2018年2月号スペシャルトーク
2月、オペラ「夕鶴」で主役のつう役を演じる 伊藤 晴
日本オペラ協会が兵庫県立芸術文化センターとの共同プロダクション公演の演目に選んだのは、オペラ『夕鶴』。民話「鶴の恩返し」を題材に描かれた日本オペラの代表作品であり、高い人気を誇るこの舞台で初主役を務めるのが新鋭のソプラノ歌手・伊藤晴さんだ。偉大な作品への意気込み、演じる「つう」への思いなどうかがった。
けなげさと激しさの対比を表現したい
ーーー日本オペラ協会の公演では、今回が初めての主演だとか?
はい。お話をいただいたときは本当に信じられない思いで、偉大な作品である『夕鶴』のつう役を演じる責任の重さと、うれしい気持ちとが半分づつあります。今は歌稽古の真っ最中なのですが、指揮の園田隆一郎さんが私の声の良いところを活かそうとしてくださり、歌手を尊重しながらも率直なご意見をくださるので、とても実りあるものになっています。

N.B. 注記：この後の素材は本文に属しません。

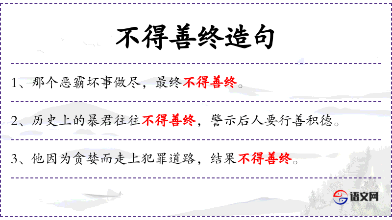 1. 【不得善终】 - 善终:正常死亡。指人不得好死。常指恶人应有的坏下场。

ーーー「つう」という役柄に、どんな印象をお持ちですか?
最初は、淡い藍色や薄紫色のようなイメージでしたが、稽古を重ねていくうちに考えが変わりました。純粋な愛を持ったはかなげな女性ではあるけれど、激しい面もあります。演出の岩田達宗さんも「生物の垣根を越えたすさまじい愛を表現する」とおっしゃっていました。つうには、人間の次元を越えた強さや真っすぐさがあって、黒の暗さの中に赤が光るようなカラーが彼女の心の中にあるんじゃないかと想像しています。
ーーーお気に入りの場面はありますか?
私が好きなのは、第一幕の「こうしてじっとあんたに抱かれていると」のところです。この作品の中で、つうと与ひょうにとって一番幸せな場面ですから。その後、第一幕の終わりにつうのアリア「これなんだわ、みんなこれのためなんだ、お金、お金」があります。自分の身を削ることになるけれど、与ひょうのために布を織ることを強く決心していくさまを歌っているのですが、『蝶々夫人』の自決のシーンに似ている気がします。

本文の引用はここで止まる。